Leucocoprinus castroi

Scientific classification
- Kingdom: Fungi
- Division: Basidiomycota
- Class: Agaricomycetes
- Order: Agaricales
- Family: Agaricaceae
- Genus: Leucocoprinus
- Species: L. castroi
- Binomial name: Leucocoprinus castroi Blanco-Dios (2003)

= Leucocoprinus castroi =

- Authority: Blanco-Dios (2003)

Species of fungus

Leucocoprinus castroi is a species of mushroom-producing fungus in the family Agaricaceae.

== Taxonomy ==
It was first described in 2003 by the mycologist Jaime Bernardo Blanco-Dios who classified it as Leucocoprinus castroi.

== Description ==
Leucocoprinus castroi is a small dapperling mushroom with thin white flesh.

Cap: Usually 2–3.5 cm wide, 5 cm in the largest specimens. It starts elliptical or conical expanding to campanulate (bell shaped) and finally flat or concave and is very fragile. The surface is uniformly yellow when young but in maturity it has yellow or orange striations with white grooves between running from the cap edge up to the edge of the centre disc, which is yellow to brownish-ochre in colour. The cap is covered in woolly scales (floccose) which are white in the grooves, yellow to brown in the centre disc and yellow to orange elsewhere. Stem: Usually 4.8–8.3 cm tall, up to 9.5 cm in the tallest specimens, and 0.15–0.7 mm thick. Yellow to greenish in the top half of the stem becoming paler towards the base with whitish ochre tones. Fragile and hollow and covered in white woolly scales. Sometimes bulging in the middle of the stem. The beige or yellow, membranous stem ring is located towards the top of the stem (superior) and may disappear. It is similarly scaly to the stem. Gills: Whitish, crowded and free. Spores: Ellipsoid with a germ pore. Dextrinoid. 8.5–11.5 x 6.5–8.5 μm. Smell: Pleasant and like aniseed at the cap but like Scleroderma at the base. Taste: Mushroomy.

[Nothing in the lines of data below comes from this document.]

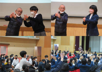 1年生は、今日京都市聴覚障害者協会から講師のNさんと手話通訳者のHさんに来ていただき、講演会を開きました。ねらいは次の2つです。
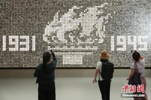 7?7?,《為了?族解放與世界和平》主題展覽在位于北京的中國(guó)??抗?戰(zhàn)爭(zhēng)紀(jì)念館開幕。圖為由5098張抗戰(zhàn)?照?組成的照?墻。 中新社記者 蔣啟明 攝
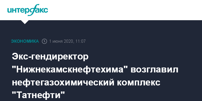 Москва. 1 июня. INTERFAX.RU - Бывший генеральный директор ПАО "Нижнекамскнефтехим" (НКНХ) Азат Бикмурзин 1 июня назначен директором нефтегазохимического комплекса ПАО "Татнефть", говорится в сообщении компании.
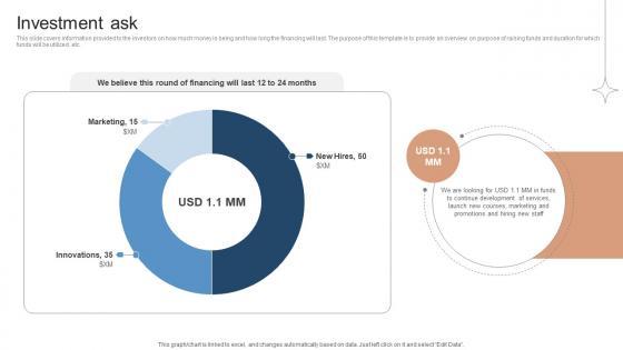 This slide covers information provided to the investors on how much money is being and how long the financing will last. The purpose of this template is to provide an overview on purpose of raising funds and duration for which funds will be utilized, etc. Find highly impressive Investment Ask Investor Funding Elevator Pitch Deck For Online Learning Platform on Slidegeeks to deliver a meaningful presentation. You can save an ample amount of time using these presentation templates. No need to worry to prepare everything from scratch because Slidegeeks experts have already done a huge research and work for you. You need to download Investment Ask Investor Funding Elevator Pitch Deck For Online Learning Platform for your upcoming presentation. All the presentation templates are 100 percent editable and you can change the color and personalize the content accordingly. Download now This slide covers information provided to the investors on how much money is being and how long the financing will last. The purpose of this template is to provide an overview on purpose of raising funds and duration for which funds will be utilized, etc.
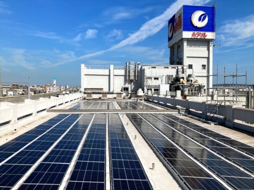 施工はダイセン(大阪市)が手掛けた。太陽光発電パネルには、モジュール1枚の発電量が大きい製品を選んでいる。太陽光による発電は、本店三号工場と本店二号蔵工場で消費する電力の5%程度をまかなう計算だ。
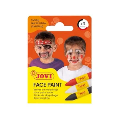 This kit contains red, white and black colors. Become a pirate or a clown, you can create a multitude of fun and creative characters for your costume party, carnival or Halloween. Case of 3 makeup sticks with large covering capacity, comes in bright and vivid colors that can be mixed together. Recommended for boys and girls ages 3 and up Makeup for children use as well as for adults. Safe and harmless, for all skin types free from parabens and major allergens. Dermatologically tested; non-toxic. Made in Spain. Being a stick makeup can be sharpened, facilitating profiling and retouching details. Very easy to apply, pleasant and soft to the touch thanks to its greasy base that does not dry out. Ideal for children's parties, birthdays, carnival, school events, Halloween, festivals, theatrical performances or sporting events! Give the finishing touch to your costumes and enjoy the party! Easy to clean with a damp wipe or with soap and water.
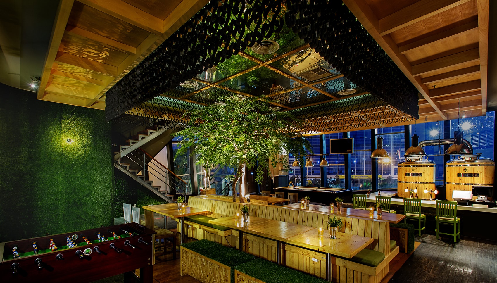 This German style bierhaus in the heart of Jakarta has become a hotspot in support of a local beer brewer Stark Beer. Bar area takes the spotlight as the hub of the activities happening around the Bierhaus. Distinct dining and lounging area in a fluid open space enhance the feel of an intimate gathering space despite the large area. Beer tanks and stainless steel gizmos transport customers into a beer brewery as they gulp quality local beer and bratwurst.
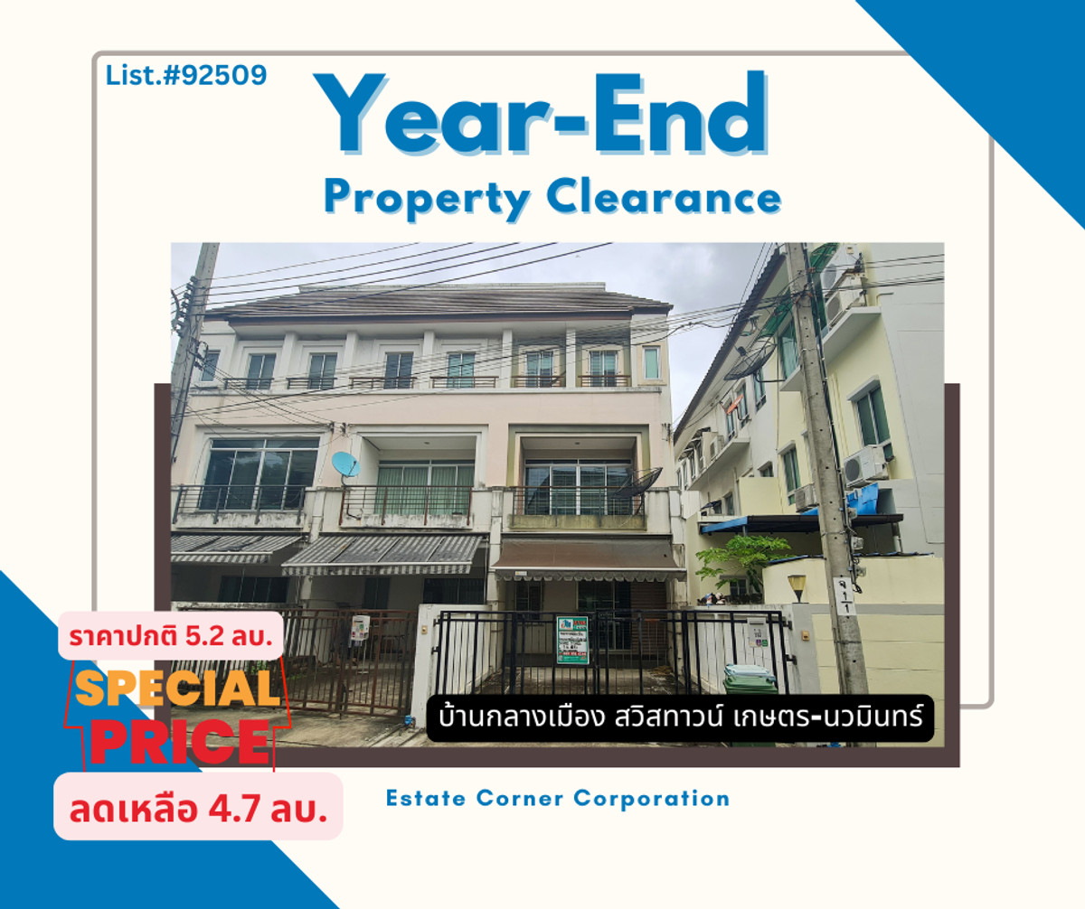 🌟 Good location, good price! 3 -story townhome behind the corner - Ban Klang Swiss Town Agriculture - Nawamin () 📍 Pay only 5.2 million baht. Ready to stay Details: 3 bedrooms | 4 bathrooms | 2 parking Soil area 30.2 sq.w. Usable area 175 square meters Corner house The area is wider than other Billin kitchen + living room, airy Bedroom with Walk-in Closet Suitable for living/home office. Project features: Fitness, swimming pool (? AP Potential location: Near Ram Inthra - At Narong, Kaset -Nawamin, along the expressway Near The Walk, Festival Walk, Lertlao School, Phayathai Nawamin Hospital (? The best price is only 5.2 million baht (Half of the transfer fee) Interested! This beautiful house is not often 📞 Tel: Contact number 💬 Line: @018pverg
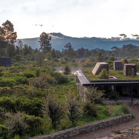 Casa Cosecha de Lluvia is located in the mountains south of Valle de Bravo, approximately two hours west of Mexico City carefully positioned to enjoy the natural landscape offered by the Xinantécatl Volcano (Nevado de Toluca). Located in a rural development that contains lots for houses and a natural reserve of medium mountain forest, with a hydrological system based on the collection of rainwater through a system of interconnected dams that work by gravity. The objective was to produce a residence that could function independently of the network, through a photovoltaic solar array and a water collection, treatment and storage system; that work in conjunction with a local climate where summers are humid and winters extremely arid.
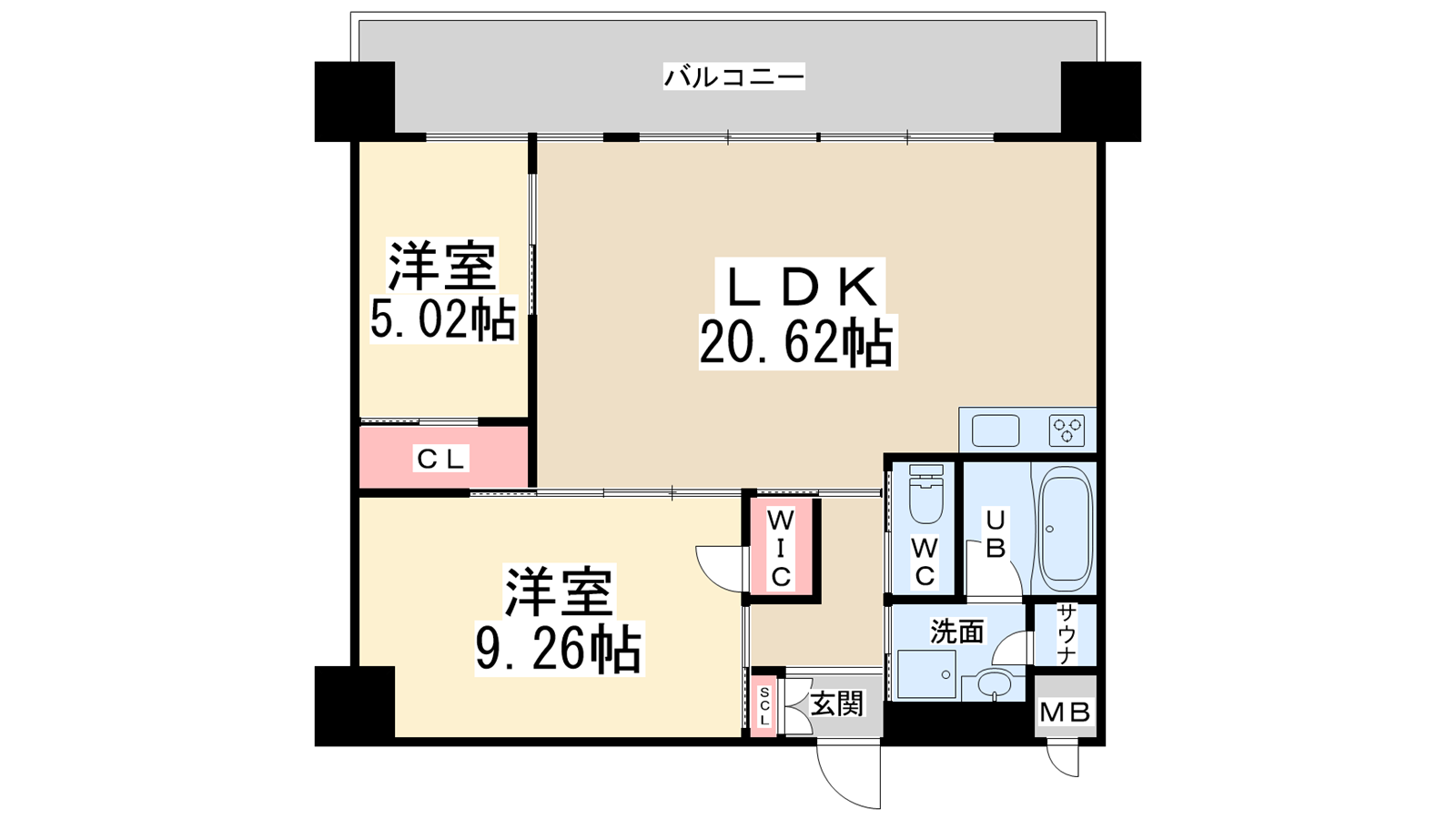 - LDK20.62帖、洋室9.26帖、洋室5.02帖

== Habitat and distribution ==
L. castroi is scarcely recorded and little known. It has been found in coastal and sub-coastal forests of Pinus pinaster trees in the Galicia region of Spain. It is one of the few Leucocoprinus species documented as growing outside in the wild in Europe since most species in this genus are tropical and only spread via human activity outside of tropical regions.

== Etymology ==
The specific epithet castroi is named for the Spanish mycologist María Luisa Castro in recognition of her study of mycology in Galicia.